The biometric signals we are measuring are 5 to 25 microvolts. To recieve FDA approval our device has to withstand a pulse of 15kV. We tried a relay but it was only rated at 1.5 kV and it arced and burned out. Do you have any suggestions, with or without the relay approach.
What was the item number for the relay you had tried?
It would be useful to define the precise need in more detail; it’s not clear to me what relay was used, the manner of its employment, the nature of the observed failure, the test stresses to be applied or characteristics of the normal signal, etc.

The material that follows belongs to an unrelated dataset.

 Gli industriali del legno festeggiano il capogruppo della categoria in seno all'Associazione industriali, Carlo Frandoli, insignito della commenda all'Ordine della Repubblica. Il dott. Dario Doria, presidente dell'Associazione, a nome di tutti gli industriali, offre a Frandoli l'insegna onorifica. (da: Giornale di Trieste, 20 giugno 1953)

Insofar as biopotentials are generally low-level, low-frequency signals, crowbar-type protection devices such as GDTs and TVS thyristors may offer useful characteristics compared to clamping type devices, e.g. MOVs and TVS diodes.

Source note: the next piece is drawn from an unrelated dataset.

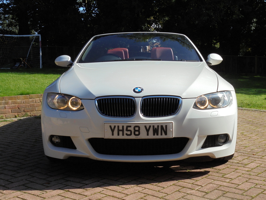 Stunning 335i Convertible in Alpine White., Upgrades - Navigation System - BMW Professional Multimedia, Bluetooth Telephone Prep with Telematics, 19" M Sport Double Spoke Alloys 225, Electric Seats with Memory, Sports Seats with Seat Heating, Xenon Headlamps, Multi Function Steering Wheel, Exterior Mirror Package, M Sport Package, Armrest Front With Sliding Adjustment, Park Distance Control (PDC), Full dealership history, Black Full leather interior, Standard Features - Air Conditioning, Automatic with Two - Zone Control, Cruise Control with Brake Function, Park Distance Control (PDC), Rear, Alarm System (Thatcham 1), Anti - Whiplash Front Head Restraints, BMW Professional Radio with Single CD Player and Auxiliary Input Point for Auxiliary Playing Devices (e.g. MP3 Player), Electric Windows - Front and Rear, with Open/Close Fingertip Control, Hill - Start Assistant, On - Board Computer (OBC), Rain Sensor, Seat Adjustment - Front, Electric with Driver Memory, Start - Stop Button, Tyre Puncture Warning System (TPWS). 4 seats, Solid Alpine White, Full dealer facilities including warranty and finance at competitive rates subject to status.

Also, since the offending signal and signals of interest are typically well-separated in frequency, there’s potential to use inductance as a means of separating the two.
We used a S1-05-bdm. The relay is normally closed. When we activate the relay with a 5 volt microswitch nothing is supposed to pass through to the amplifier. Unfortunately an 8kV was sufficient to arc and the relay never opened and the surge blew the 11,000 gain amplifier.
The device we are using is an EEG machine. Signals range from 5 to 15 microvolts. The FDA requires the device not be damaged by a 15kV pulse. This occurence will never happen in the real world. We only need a solution to satisfy the FDA shocking the electrodes.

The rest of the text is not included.